WHAT YOU SHOULD DO
From the first line of the listing below through the line with "Wij staan voor", transcribe exactly and skip the pictures.

── DATA FOR THIS TASK ──

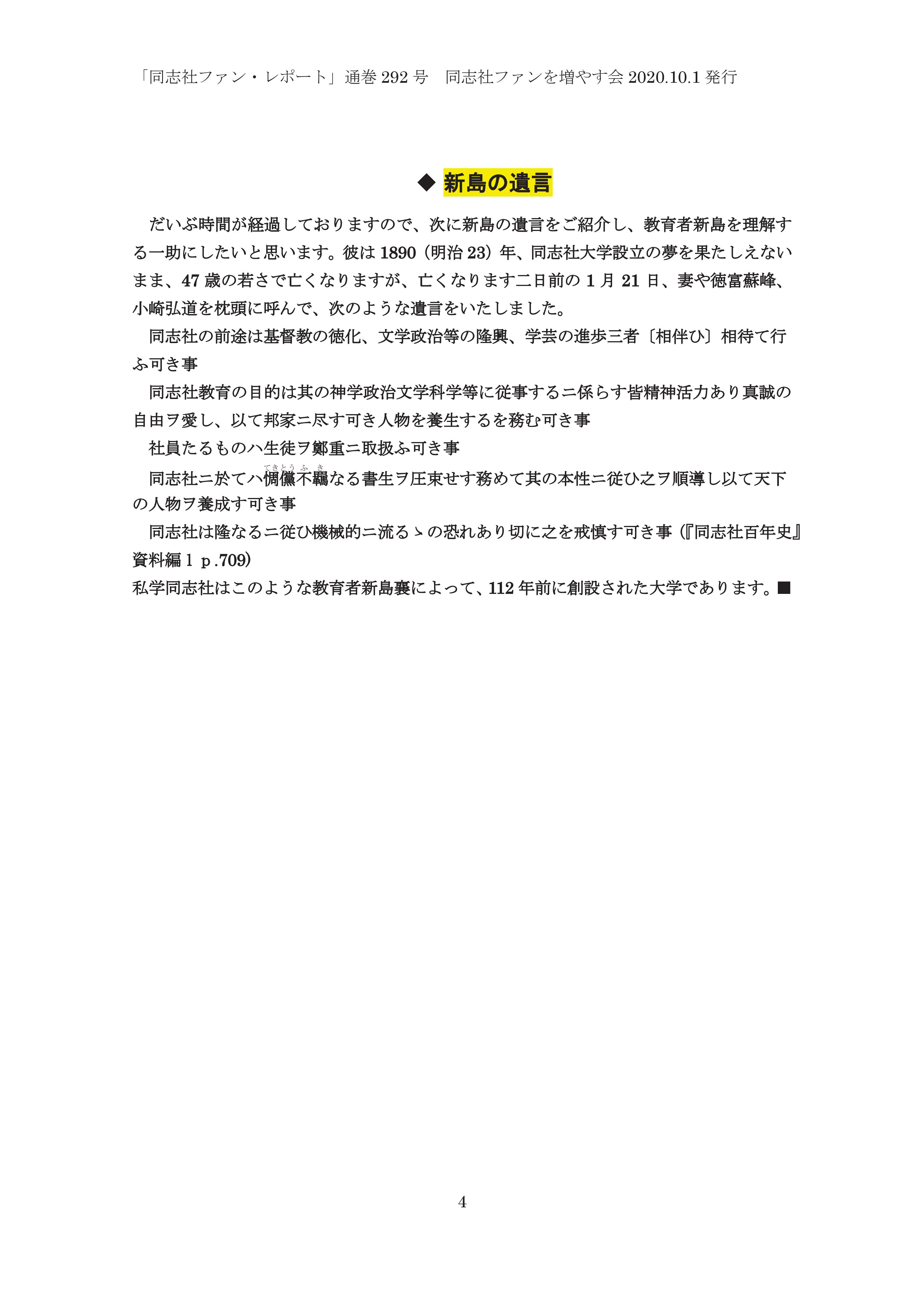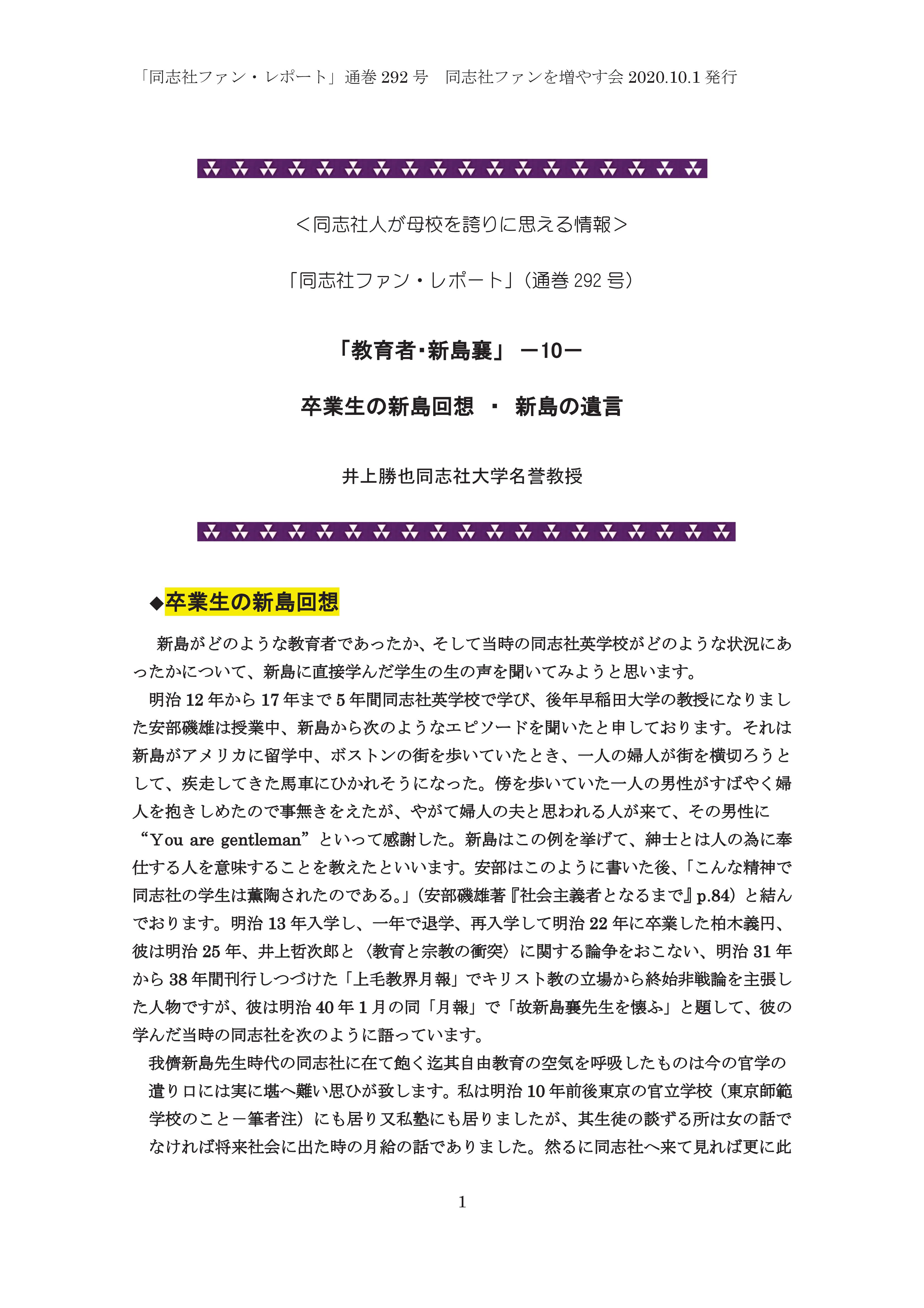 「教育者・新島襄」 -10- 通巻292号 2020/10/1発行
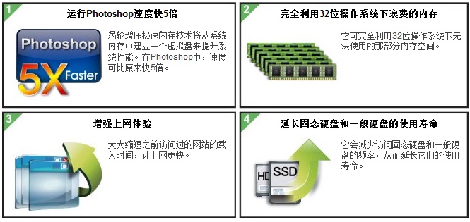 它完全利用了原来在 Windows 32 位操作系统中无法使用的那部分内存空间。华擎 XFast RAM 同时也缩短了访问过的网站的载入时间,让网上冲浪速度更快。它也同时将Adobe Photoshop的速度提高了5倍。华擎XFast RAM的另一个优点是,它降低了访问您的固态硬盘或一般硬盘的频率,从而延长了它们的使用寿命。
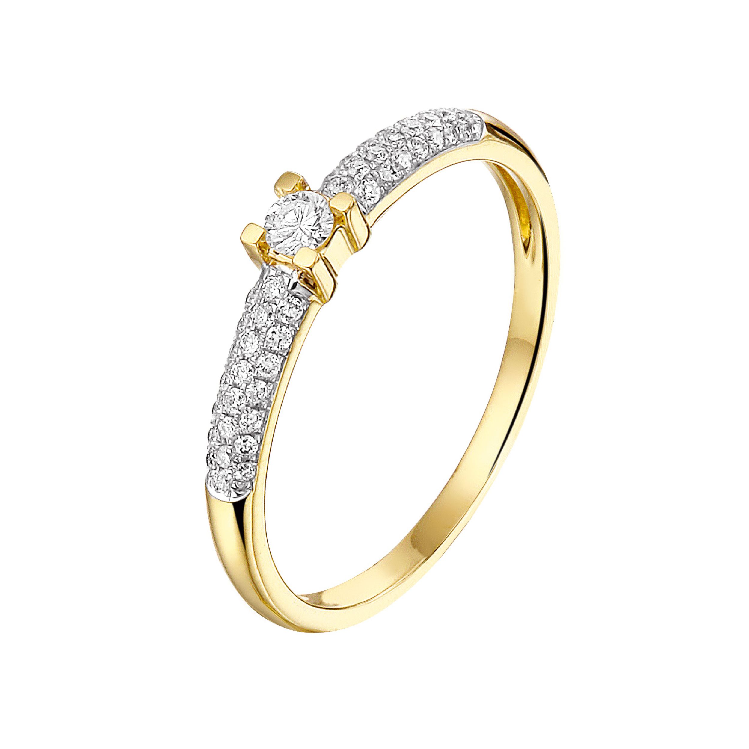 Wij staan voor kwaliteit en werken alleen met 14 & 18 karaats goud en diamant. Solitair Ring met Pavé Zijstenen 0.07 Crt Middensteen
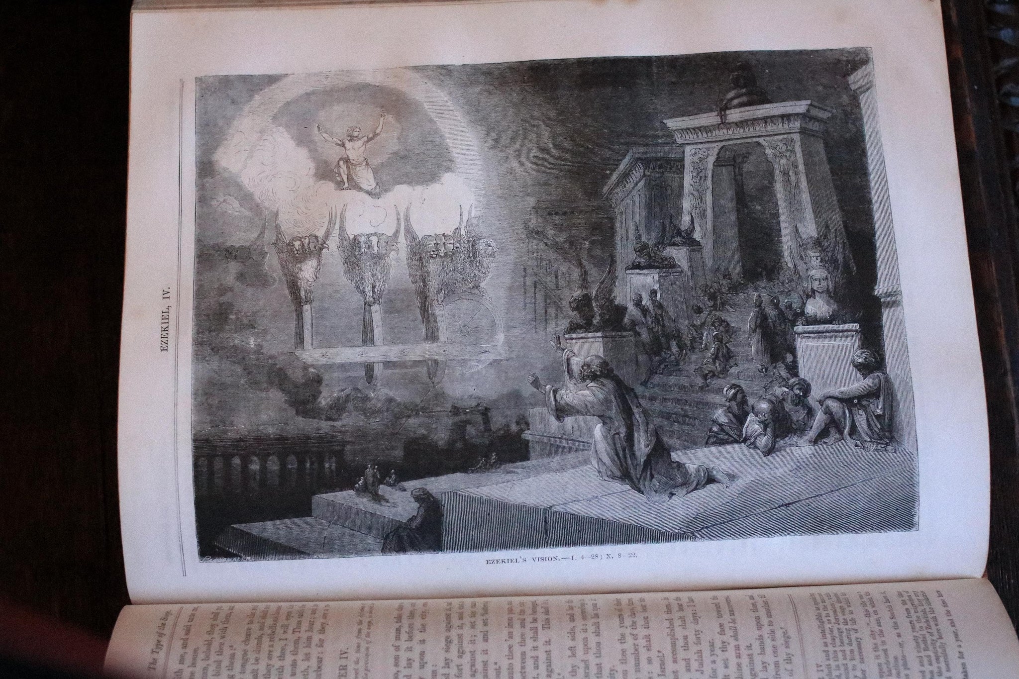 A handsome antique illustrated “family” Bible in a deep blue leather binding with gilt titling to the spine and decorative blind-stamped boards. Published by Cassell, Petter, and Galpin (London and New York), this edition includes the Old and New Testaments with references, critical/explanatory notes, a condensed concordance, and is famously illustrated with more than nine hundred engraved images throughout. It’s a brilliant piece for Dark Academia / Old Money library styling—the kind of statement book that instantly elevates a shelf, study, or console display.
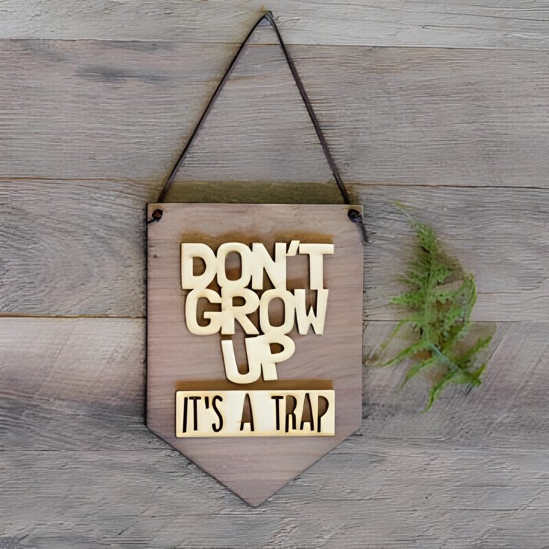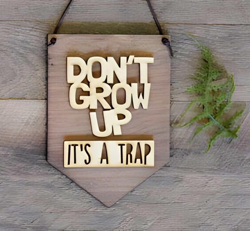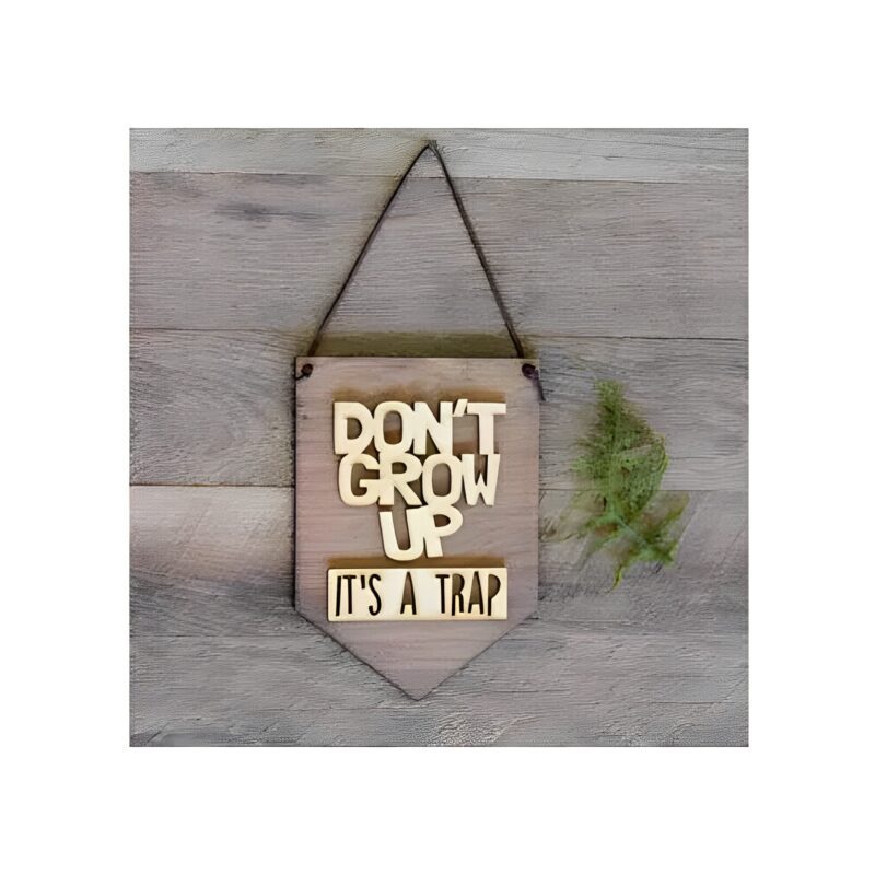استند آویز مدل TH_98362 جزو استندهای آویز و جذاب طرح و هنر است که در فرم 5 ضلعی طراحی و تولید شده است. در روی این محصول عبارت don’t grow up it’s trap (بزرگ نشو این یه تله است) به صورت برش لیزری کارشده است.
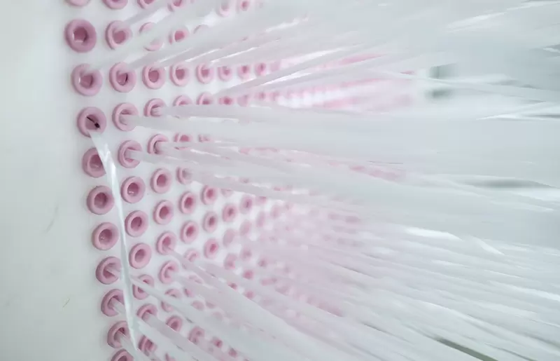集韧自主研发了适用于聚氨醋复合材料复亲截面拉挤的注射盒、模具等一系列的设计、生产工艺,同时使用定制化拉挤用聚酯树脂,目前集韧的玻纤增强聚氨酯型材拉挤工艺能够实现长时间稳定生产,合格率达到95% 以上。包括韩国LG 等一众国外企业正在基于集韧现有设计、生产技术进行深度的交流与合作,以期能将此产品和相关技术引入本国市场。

───

SOLUTION TO THE EXERCISE
 「教育者・新島襄」 -10- 通巻292号 2020/10/1発行
 它完全利用了原来在 Windows 32 位操作系统中无法使用的那部分内存空间。华擎 XFast RAM 同时也缩短了访问过的网站的载入时间,让网上冲浪速度更快。它也同时将Adobe Photoshop的速度提高了5倍。华擎XFast RAM的另一个优点是,它降低了访问您的固态硬盘或一般硬盘的频率,从而延长了它们的使用寿命。
 Wij staan voor kwaliteit en werken alleen met 14 & 18 karaats goud en diamant. Solitair Ring met Pavé Zijstenen 0.07 Crt Middensteen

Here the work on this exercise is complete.